How to Make Infused Cannabis Cooking Oil

How to Make Infused Cannabis Cooking Oil

If you’re new to the world of infused cooking, welcome! Cannabis-infused eating is a wonderful way to enjoy the benefits of cannabis without the need to smoke. And for those with dietary restrictions or allergies, making your own goodies at home is often a better bet!

Cannabis cooking oil is one of the easiest methods of infusing food because of its versatility. You can use infused oil in baking, salad dressings, stir fries, or any other recipe that requires oil.

When choosing an oil, it is dependent on what you plan on making. Coconut and olive oil are the most common choices; coconut oil has a milder taste and can therefore be used for more dishes, whereas olive oil is the staple cooking oil for most kitchens.

The following cannabis cooking oil recipe is courtesy of Leafly.

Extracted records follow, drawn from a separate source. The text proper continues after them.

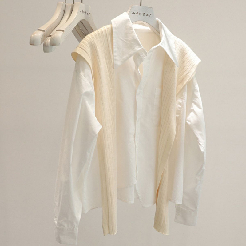 작은 목도리 긴팔 셔츠 여성면 봄과 가을 얇은 한국식 느슨한 슬리밍 연령 감소 디자인 센스 셔츠스토어 가기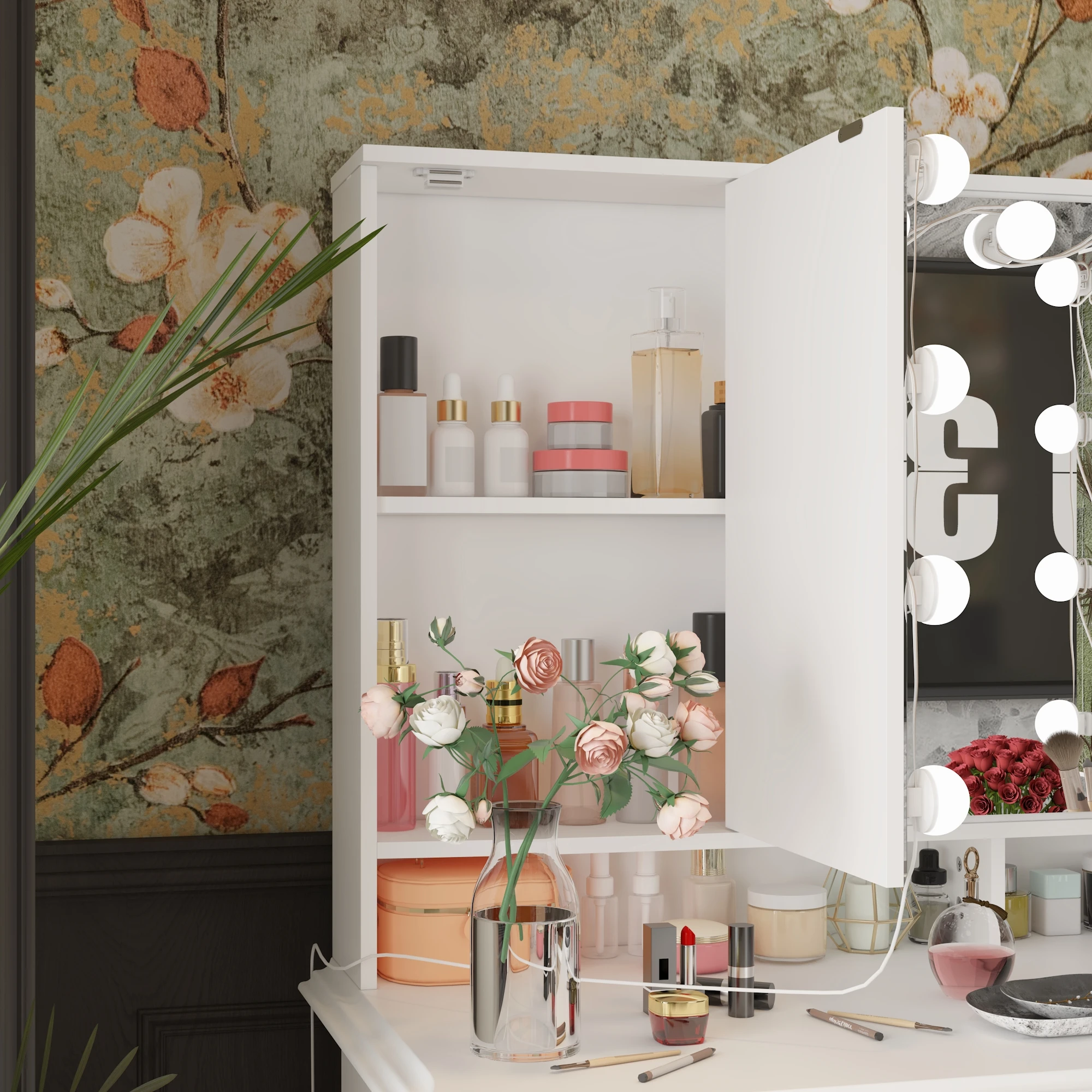 【Mirror Door Storage】With mirror doors that open to shelves, this vanity keeps skincare and makeup organized. You can hide clutter while having essentials within reach for your daily beauty routine.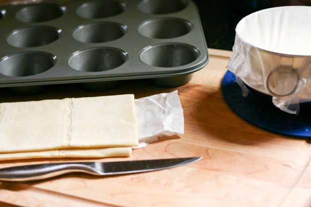 As the custard sat aside, covered in plastic wrap to keep it from forming a skim, we turned our attention to the pastry. First we preheated the oven to 375F and greased a 12-hole muffin tin. Now, many of you know how much I love to make pie and pastry crusts, but for this recipe we went the simple route and used store-bought puff pastry. I’d never tried it before and was kind of curious about it. We used one sheet and sliced it in half. We then placed one half on top of the other.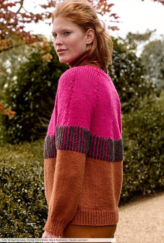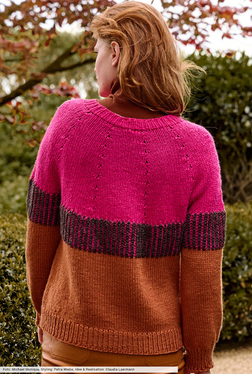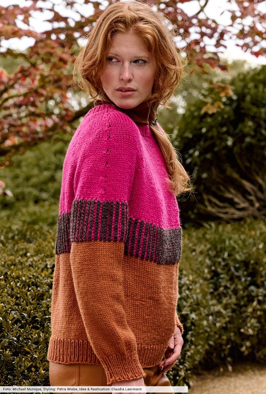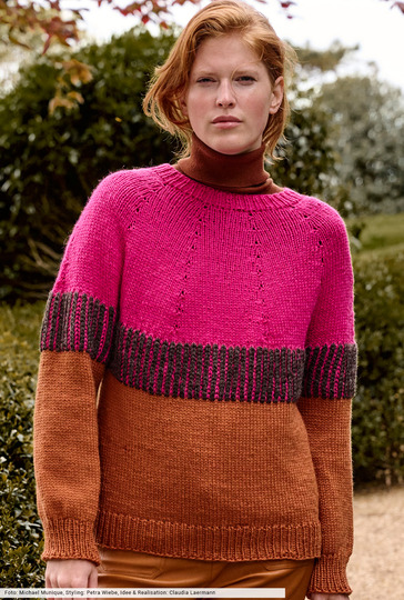Nahtlos stricken kommt nie aus der Mode und ist einfacher als es aussieht. Hier als stilvoller Pulli, der von oben nach unten und größtenteils glatt rechts gestrickt wird. Dazwischen sorgt die Passe im zweifarbigen Patentmuster für Spannung und bildet einen starken Kontrast zum zimtbraunen unteren Teil und zum pinkfarbenen oberen Teil des Pullis. Aus edlem Schurwoll-Alpakagarn ein Stück fürs Leben!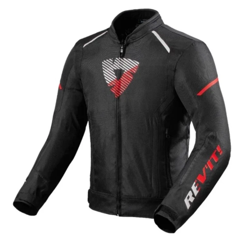 Chaqueta REVIT Sprint H2O negro / rojo fluor. Chaqueta de diseño deportivo muy polivalente y funcional. Confeccionada en poliéster 600D, cuenta con membrana impermeable Hydratex® G-Liner y forro térmico desmontable. Incorpora protectores homologados Seesmart nivel 1 en hombros y codos.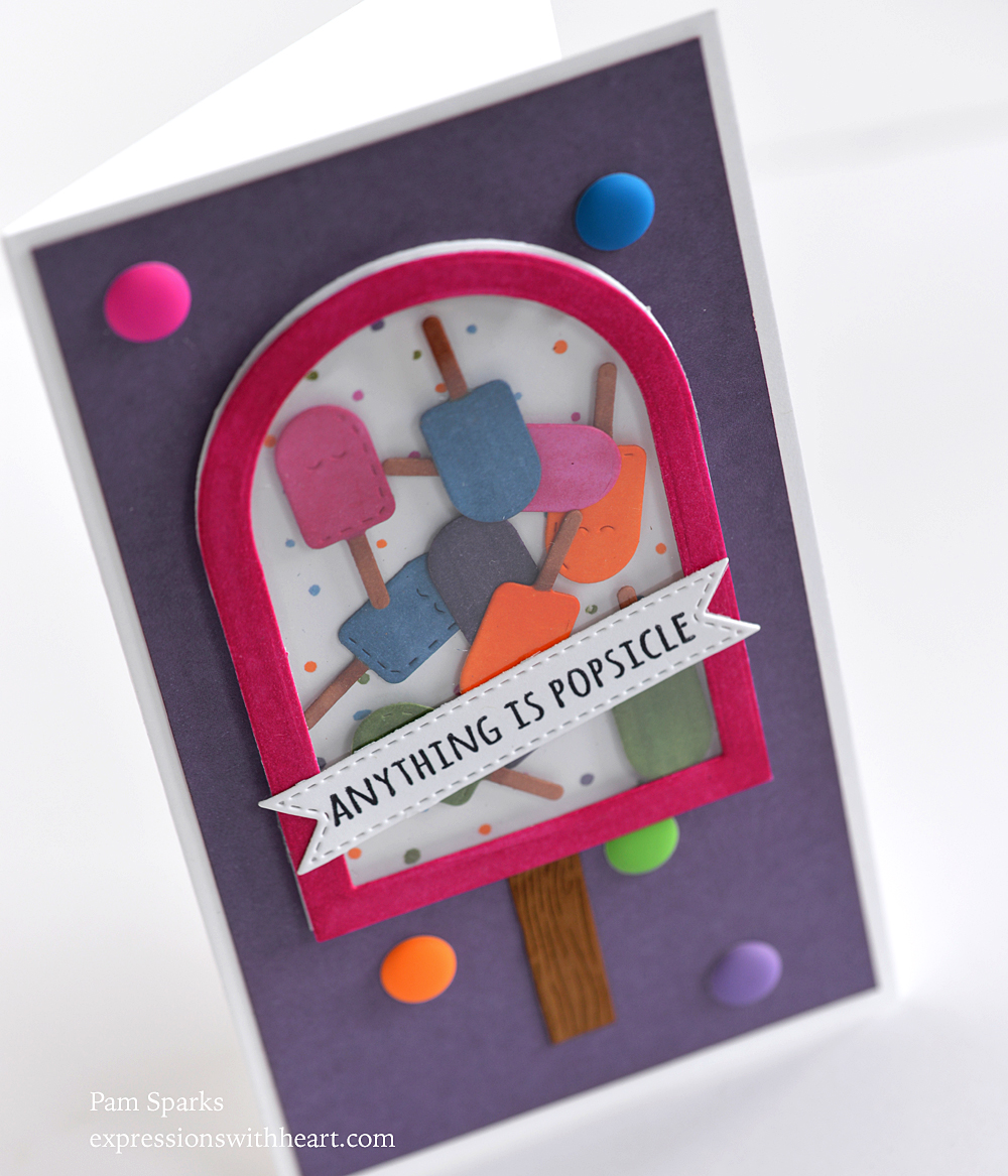 Do you agree? Such a cute sentiment! A Summer shaker card with poppystamps Whittle Popsicle die, Memory Box Nested Globes, Memory Box Grain Planks (cut to be narrower), NEW Banner Sentiment Trio die and NEW poppystamps Life is Sweet Clear Stamp set!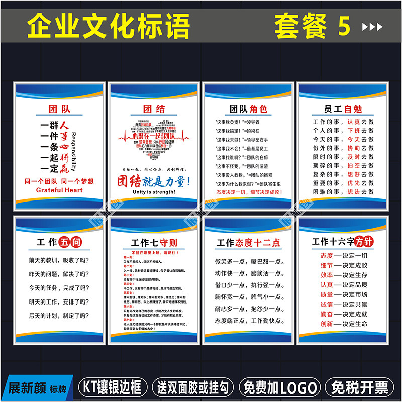 企业文化标语 车间办公室展板挂图会议室宣传海报 员工励志标识牌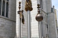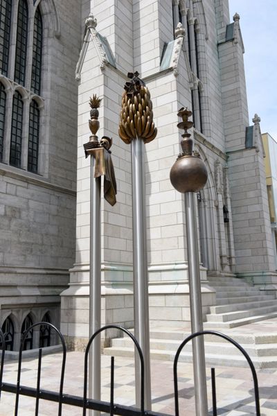 Trois mâts soutiennent un assemblage hétéroclite d’objets réalistes coulés en bronze. Un crâne humain, un régime de bananes, une boule disco… belle énigme à décoder! En fait, cette nature morte contemporaine rappelle que la vie est éphémère et que la vanité humaine doit être endiguée. Elle nous invite à revenir à l’essentiel, peut-être en fréquentant la bibliothèque voisine, lieu de pensée et de culture.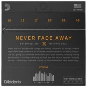 Encordoamento para Guitarra .010 Nickel Plated Steel XT D Addario Alta durabilidade sem sacrificar o timbre. Finalmente cordas de alta durabilidade que não tem som de cordas revestidas. Durabilidade 4 vezes maior que das cordas tradicionais, sem sacrificar o timbre e feeling natural de cordas não revestidas, que os músicos conhecem e adoram.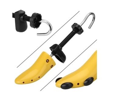 Product Description "FIX The Shoe Not The Bunion" Transform Your Shoes or Pumps into Perfect Fitting and Comfortable Shoes. Now You don't have to let your feet suffer for weeks to break into new shoes. With Hansi Naturals shoe stretcher, you can stretch your shoes both in length and width at the same time. Targeted Relief: included are 8 removable pressure relief plugs, allowing you to stretch very small areas of your shoes, letting you zero in on painful pressure points. Steps: At first, insert the removable pressure relief plugs in the appropriate holes where relief is needed. Then insert stretcher in shoe. Step One- LENGTH STRETCH : Turn the round plastic handle in clockwise direction until you begin to see surface pressure showing on shoe. Step Two- WIDTH STRETCH : Turn the metal crank handle in clockwise direction until you begin to see surface pressure showing on shoe. Step Three-WAIT FOR THE BEST RESULTS: Leave shoe stretcher in place for at least 24 hours. Step Four-REMOVE STRETCHER FROM YOUR SHOE: Turn handles in counterclockwise direction. NOTE: In order to avoid damage of your shoes, DO NOT OVERSTRETCH!!! 0

Recipe for Cannabis Cooking Oil

Ingredients:

  • 1 cup of ground cannabis flower (or less for milder potency)
    1 cup of cooking oil of your choice

Hardware:

  • Strainer or cheesecloth
  • Grinder (a simple hand grinder works best; appliances like blenders and coffee grinder pulverize the cannabis, resulting in edibles with bad tasting plant material)
  • Double-boiler, slow cooker, saucepan, etc.

Directions:

  1. Grind the cannabis. You can include the entire plant, just the flower, a little bit of both — this is all a matter of preference. Just keep in mind that anything small enough to fit through the strainer will end up in your finished product, so again, do not grind your cannabis to a fine powder.
  2. Combine oil and cannabis in your double-boiler or slow cooker, and heat the two together on low or warm for a few hours. This allows for decarboxylation (activation of THC) without scorching (which destroys the active ingredients). Cooking can be done a variety of ways: in a slow cooker on low for 4-6 hours, stirring occasionally; in a double-boiler on low for at least 6 hours (8 is better), stirring occasionally; or in a simple saucepan on low for at least three hours, stirring frequently (a saucepan is most susceptible to scorching). In all cases, a small amount of water can be added to the mixture to help avoid burning.
    Note: whatever method you choose, temperature of the oil should not exceed 245°F.
  3. Strain and store the oil. Do not squeeze the cheesecloth; this will simply add more chlorophyll to your oil. All remaining plant material can be discarded or used in other dishes if you have the wherewithal. The oil’s shelf life is at least two months, and can be extended with refrigeration.